VETERINARIAN WINS APPEAL; PETA CHARGES THROWN OUT


By: Staff  Date: 01/16/2012 Category: | Animal Rights Extremism |

Howard Baker DVM was exonerated of all charges of cruelty by New Jersey Superior Court, and the New Jersey Board of Veterinary Medical Examiners reinstated his license to practice 12 days after the court's April 14 decision.

The appeals court ruled that

 

  • the testimony of the state's star witness was not believable;
  • the testimony of the defendant's witnesses was believable;
  • Baker's actions did not amount to cruelty under the law; and
  • the connection between the witness and People for the Ethical Treatment of Animals tainted her testimony.

 

The case was based on the uncorroborated testimony of animal rights activist Michelle Rokke, an undercover operative for PeTA. Rokke worked in Baker's veterinary clinic for 10 months.

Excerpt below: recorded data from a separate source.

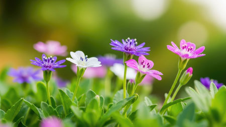 Purple and white flowers in a spring meadow in early morning summer rays. Lush green and purple.
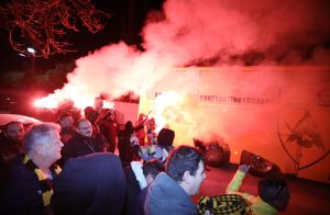 Η αποστολή της Ένωσης έφτασε στην πόλη της Μαγνησίας, όπου την περίμεναν εκατοντάδες φίλοι της ομάδας, δημιουργώντας μία τρομερή ατμόσφαιρα.
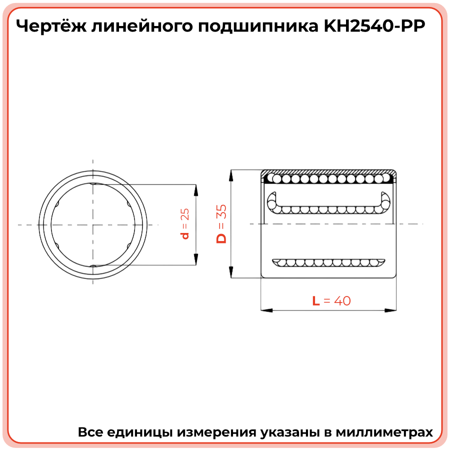 KH — серия компактных бесфланцевых линейных подшипников; 25 — внутренний диаметр (вал Ø25 мм); 40 — длина корпуса (40 мм); PP — два полимерных уплотнения (по одному с каждого торца).
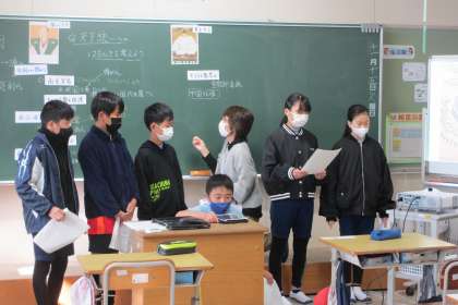 「戦国の世から天下統一へ」の学習で、天下統一に向けて織田信長、豊臣秀吉がどのような働きをしたのか考えました。授業の前半では、グループで調べたことを発表しました。後半では、発表したことをもとに信長、秀吉のつながりを考えました。授業を進めていくうちに、2人の武将の働きがつながって天下統一が成されたことがわかってきました。
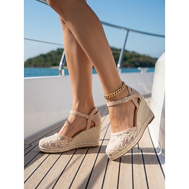 Eleganti sandali con zeppa espadrillas color albicocca da donna - décolleté traspiranti in rete con pizzo floreale e cinturino regolabile alla caviglia, ideali per crociere e viaggi in yacht di lusso.
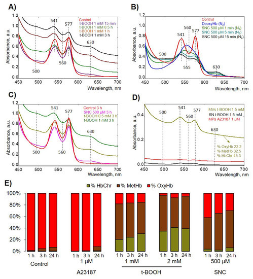 First, we tested the effects of used compounds on free Hb (Figure 4A,B), and then intact cells were oxidized and lysed in hypoosmotic conditions, and corresponding spectra were scanned (Figure 4C). t-BOOH firstly oxidized Hb to MetHb, followed by oxidation to HbChr (Figure 4A). To evaluate the effects of NO donor (SNC), we used hypoxic conditions by application of N2. SNC first formed HbNO and then was oxidized to MetHb without significant formation of HbChr (Figure 4B,C,E and Table 1). MPs and MVs were collected from RBCs after 24 h of the application of indicated compounds and then supernatants and MV- and MP-containing pellets were scanned spectrophotometrically (Figure 4D). t-BOOH-induced MVs contained ferryl forms of Hb, whereas SNC- and A23187-produced MPs did not contain any significant amount of Hb. The percentage of Hb species was calculated according to [25] and is presented in Figure 4E and Table 1. These data indicated that only t-BOOH-induced oxidative stress resulted in HbChr formation, SNC led only to metHb formation, and increase of intracellular calcium concentration had no effects on Hb oxidation.

She surreptitiously videotaped the doctor and shot as much as 200 hours of tape with a camera hidden in her handbag. That tape was subsequently edited to about three minutes by PeTA and sent to national media.

During the trial, Rokke said that much of the tape was either erased or reused and that PeTA edited out portions of the tape that were not relevant to the charges. The court subsequently obtained 20 minutes of tape involving a Dalmatian seen on the three-minute version. The appeals court judge watched the longer version and saw no evidence of abuse.

Rokke accused Baker of 16 counts of cruelty, beginning with a dog that was treated at the clinic two days after she started her job in June 1996 and ending with a dog seen by Baker in April 1997. Charges were filed in June 1997 - two months after Rokke's employment ended - and Baker was convicted in lower court in July 1999.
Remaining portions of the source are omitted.